You may try to add your strenght THROUGH the armor, but its more likely you will damage the internal sensors, who are not designed to withstand 100 kilo push.The thing is - the exoskeleton reinforces your own ability. The sensors can handle the 100 kilo push (Or far, far more) - the problem is the exoskeletons' structural strength, not the sensors, which is reinforced by the wearer's body, and vice-versa.
Multiplicative or additive is irrelevant. You should attaint a flat strenght score based on the armor's specs

This is unrealistic. We're talking Powered Armor(Mechanized exoskeletons), not Robots.

jaydubs
2014-08-14, 03:37 PM
You may try to add your strenght THROUGH the armor, but its more likely you will damage the internal sensors, who are not designed to withstand 100 kilo push.

Why wouldn't they be? If you have the technology to produce a powered exoskeleton, you should be advanced enough to design a suit that can incorporate the user's strength. It would be wasteful and inefficient not to. In fact, I'm pretty sure we have force sensors today that can withstand far in excess of that.

It's also possible that by [insert future date when power armor is a mature technology] we could also augment human beings. Unless your suit is much larger than the person inside, that person will always be a non-negligible portion of the whole's mass and volume. Wasting that resource is silly. Better to hypercharge your pilot's bodies so they can contribute more.

Skeletons reinforced with advanced materials, genetically engineered muscles, and so on. You've mentioned Dark Heresy for example, and in that setting the Space Marines are engineered up the wazoo.

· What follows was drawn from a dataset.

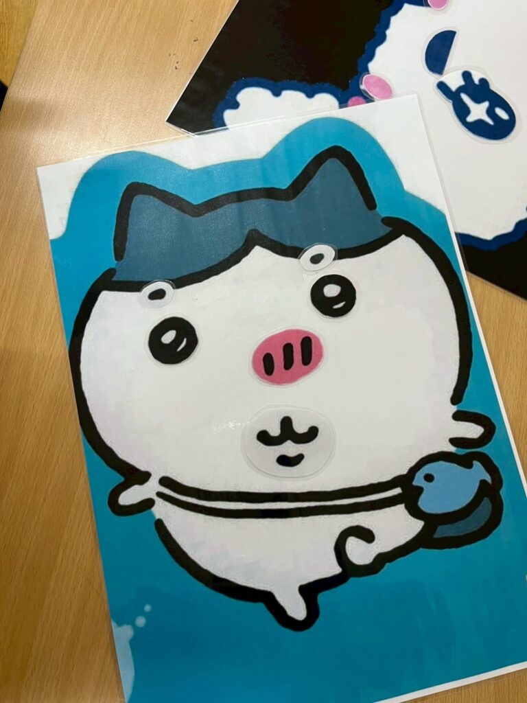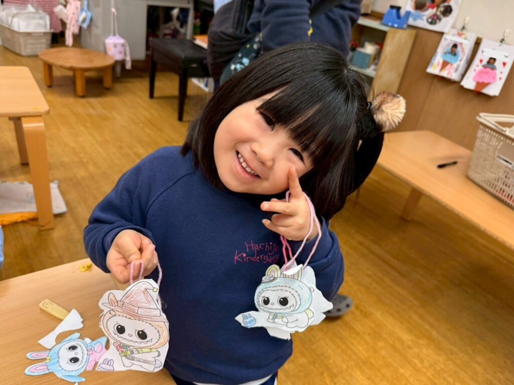 作ったぬりえが紐をつけるとキーホルダーに大変身⭐️

Thinking on it, isn't the Dark Heresy system set up where a +20% is essentially a static bonus anyway? From what I recall, it doesn't add 20% of your character's strength. It adds 20% to the target number on the d100 you have to roll under, no?

Mastikator
2014-08-14, 05:05 PM
I understand the concepts of "multiplier" in term of system input.

I dont understand it in term of "upper strenght limit"

An exoskeleton will be able to lift, say, a ton. It will not be able to lift more just because you can lift 100 kilos yourself. If you try to lift 1100 kilos with the exoskel, you will damage it, or at best just fail in your task.

You may try to add your strenght THROUGH the armor, but its more likely you will damage the internal sensors, who are not designed to withstand 100 kilo push.

Why would it do that?

If you use two arms you can lift more than if you use one arm, because the extra arm applies additional force, but it wouldn't damage your arms when you lift more than a single arm possibly could. If you use an exoskeleton suit that adds force to your movement then you could lift greater weights still, but it would only be damaged if you lift an item that weighs more than the exoskeleton can lift by its own force, then stop using your muscles when it is already up. I mean, it's like lifting a rock above your head and then letting it out.

...why would you do that?

Bulhakov
2014-08-15, 02:50 AM
Have you ever used an electric screw driver? It's a simple power tool with a fixed max torque, but for very tough screws (or if the battery is low) you can add some extra force by twisting the handle and/or with a second hand by gripping the screwdriver head.

I guess this means that if the max force exerted by the power armor is comparable to the pilot's, then the pilot's strength will count for a lot, if the power armor is extremely strong, then the pilot's strength doesn't count for a lot.